IR spectroscopy takes its name from the wavelengths of light it uses. There are a range of different implementations of infrared spectroscopy, ranging from simple absorbance/transmission measurements to more complex attenuated total reflection (ATR) configurations. Still, all rely on the same principle.  

When a molecule interacts with a photon, if the incident photon's energy is equal to the spacing between its energy levels, there is a probability of the photon being absorbed. It also results in the excitation of a spectroscopic transition in the molecule.

The more atoms a molecule has, the greater the number of vibrational modes and degrees of freedom. Each of those vibrational modes has a particular energy, or frequency, associated with it related to the bond strength between the associated atoms. This is, in turn, influenced by their masses and surrounding chemical environments.

In a simple scanning transmission experiment, an infrared beam is passed through the sample, and the beam's energy is stepped across a range. A detector records any depletion in the intensity of the light as it is absorbed by various vibrational modes in the sample to recover the infrared spectrum.

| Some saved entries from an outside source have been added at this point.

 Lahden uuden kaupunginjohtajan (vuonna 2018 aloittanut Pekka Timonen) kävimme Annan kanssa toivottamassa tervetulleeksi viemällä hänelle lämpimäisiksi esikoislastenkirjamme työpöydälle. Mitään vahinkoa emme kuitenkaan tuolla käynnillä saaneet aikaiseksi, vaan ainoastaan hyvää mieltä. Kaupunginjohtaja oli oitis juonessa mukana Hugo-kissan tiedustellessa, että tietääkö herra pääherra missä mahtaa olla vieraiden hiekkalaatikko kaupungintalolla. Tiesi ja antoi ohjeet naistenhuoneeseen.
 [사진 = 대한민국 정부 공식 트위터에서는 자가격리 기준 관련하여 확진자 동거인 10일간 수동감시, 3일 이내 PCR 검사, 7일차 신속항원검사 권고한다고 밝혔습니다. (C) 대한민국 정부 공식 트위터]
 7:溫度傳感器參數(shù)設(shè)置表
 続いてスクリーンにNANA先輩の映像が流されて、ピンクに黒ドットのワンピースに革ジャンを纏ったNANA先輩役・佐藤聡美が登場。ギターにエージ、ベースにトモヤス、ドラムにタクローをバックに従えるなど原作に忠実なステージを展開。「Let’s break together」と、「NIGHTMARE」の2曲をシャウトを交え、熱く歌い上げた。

IR spectroscopy can be used for species identification because every molecule has its own 'fingerprint' spectrum. As the exact energies and intensities of the vibrational transitions vary with chemical structure, IR spectroscopy can provide specific structural information on a molecule.

Raman Spectroscopy

Raman spectroscopy involves a slightly more complex process than IR transmission spectroscopy but can also be used to recover information on the vibrational structure of molecules. In a Raman experiment, the sample is irradiated with an intense light source, typically a laser. Some photons will be inelastically scattered by the molecule, with energies greater or smaller than the incident photon energy. This energetic displacement, the 'Raman shift', can be used to investigate transitions such as vibrational transitions in the molecule.

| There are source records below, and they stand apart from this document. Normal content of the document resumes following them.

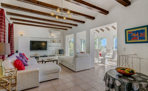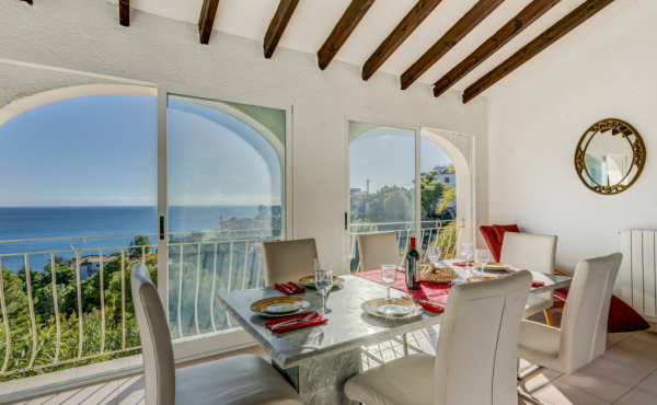A charming villa with great sea view situated in the quiet residential area of Costa Nova in Javea. Presented to a high standard internally and externally. It offers three bedrooms - one bedroom with King size bed and two bedrooms with double beds. Features include air conditioning in the living room, wi-fi internet and satelite television channels. The house benefits from beautiful sea views from the living room, dining room and master bedroom.
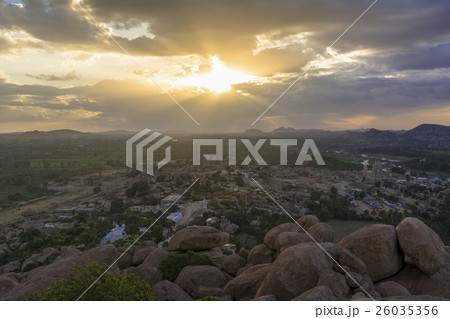 マタンガの丘よりハンピ古代遺跡群夕景
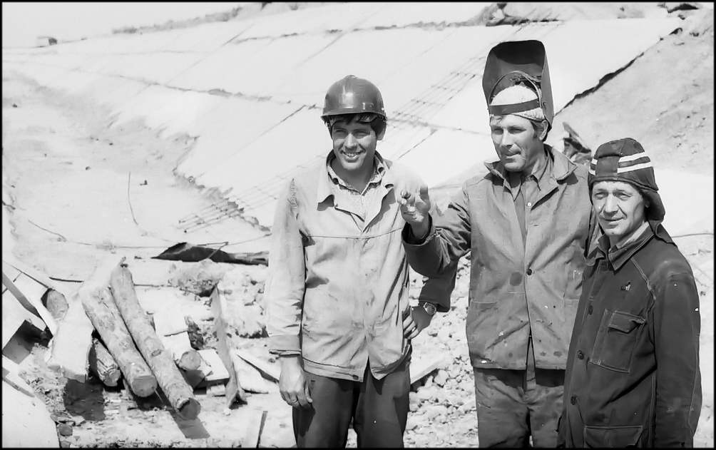 На снимке: бригадир В. ТОЛЧАНОВ, сварщик Ю. РОСТОВСКИЙ и монтажник Н. ХАРЧЕНКО.
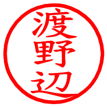 [朱肉の色]を選び、入力窓に“渡野辺”と入力して[生成]ボタンを押すと、印影が更新され、リンクから電子印鑑(デジタル印影)がダウンロードできます。 電子印鑑「渡野辺」の作り方文字表示が変なときや、文字バランスが悪いときは[字形切替]のチェックボックスでON/OFFを切り替え[生成]しなおしてください。 生成される画像は通常の印影「渡野辺.png」と、にじみを表現した少し太めの印影「渡野辺B.png」の背面透過PNG形式2種と、鮮明なPDF形式の印影「渡野辺.pdf」の計3種類です。 朱肉の微妙な色の違いを7色で表現しました。デフォルト(左端)は、JISが定めた朱肉の色のマンセル値(7.5R 5/14)をRGB値(217,66,54)に変換したものになっています。 「電子透かし」にチェックを入れて[生成]ボタンを押すと、タイムスタンプを透かしとして埋め込んだセキュアな電子印鑑が作れます。詳細は別ページの「電子透かしとタイムスタンプ」でご覧ください。 渡野辺さんの日付印が作れます。「日付スタンプメーカー」は、社内向けの書類に利用されることの多い日付印(データ印)が無料で作れるWebアプリケーションです。中段に日付が入り、上段と下段は、ともに8文字まで文字が入ります。 ![]() 古代文字で落款印が作れます。「落款スタンプメーカー」で作品を引き立たせる落款印が作れます。
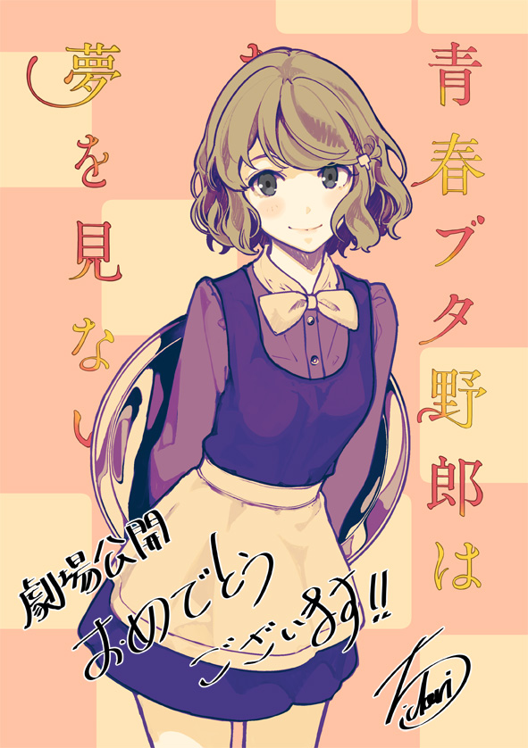 1girl apron brown_hair commentary_request hair_ornament hidari_(left_side) koga_tomoe long_sleeves looking_at_viewer seishun_buta_yarou shirt skirt smile solo waitress white_apron
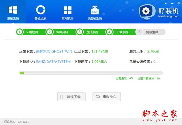 8、在这个界面中执行下载win7系统镜像的过程,下载时间根据网速的快慢而有所不同;
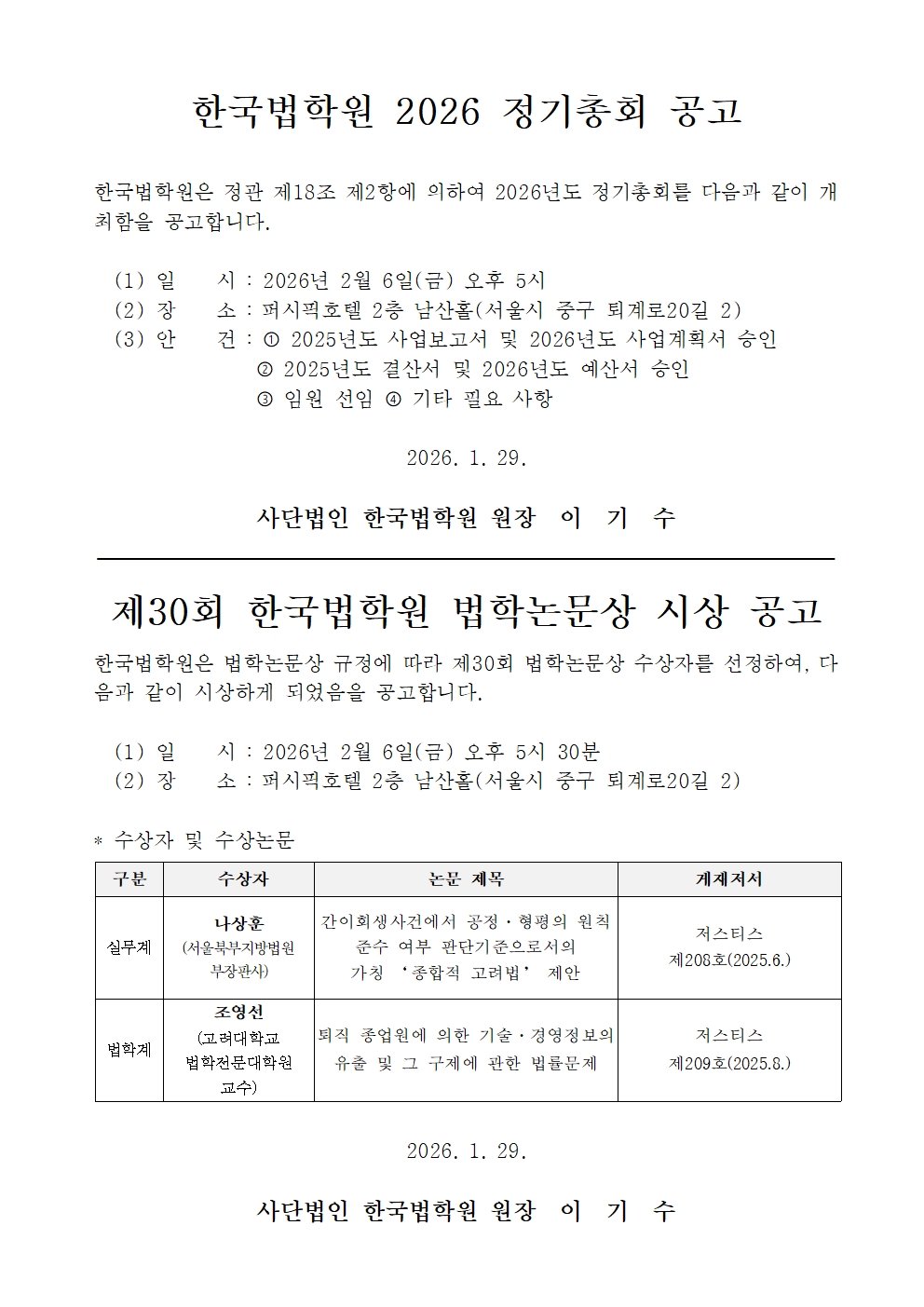 2026년도 정기총회 및 제30회 법학논문상 시상식 개최

While excitation wavelengths in the near-infrared to UV are the most common, it is possible to stimulate Raman processes with a range of photon energies to investigate different phenomena and other transitions such as electronic. Variations of Raman spectroscopy using multiple pulse sequences are also becoming increasingly popular, even in microscopy applications, due to their sensitivity to different physical phenomena.2

Particularly in microscopy, some of the developments of variations in Raman methodology, including coherent anti-Stokes Raman Scattering (CARS), are to enhance tissue penetration in cell samples, reduce issues from fluorescence, and signal interference from unwanted scattering.3 For specimens that fluoresce efficiently, recording the weak Raman signal on top of a strong fluorescence background can be nearly impossible.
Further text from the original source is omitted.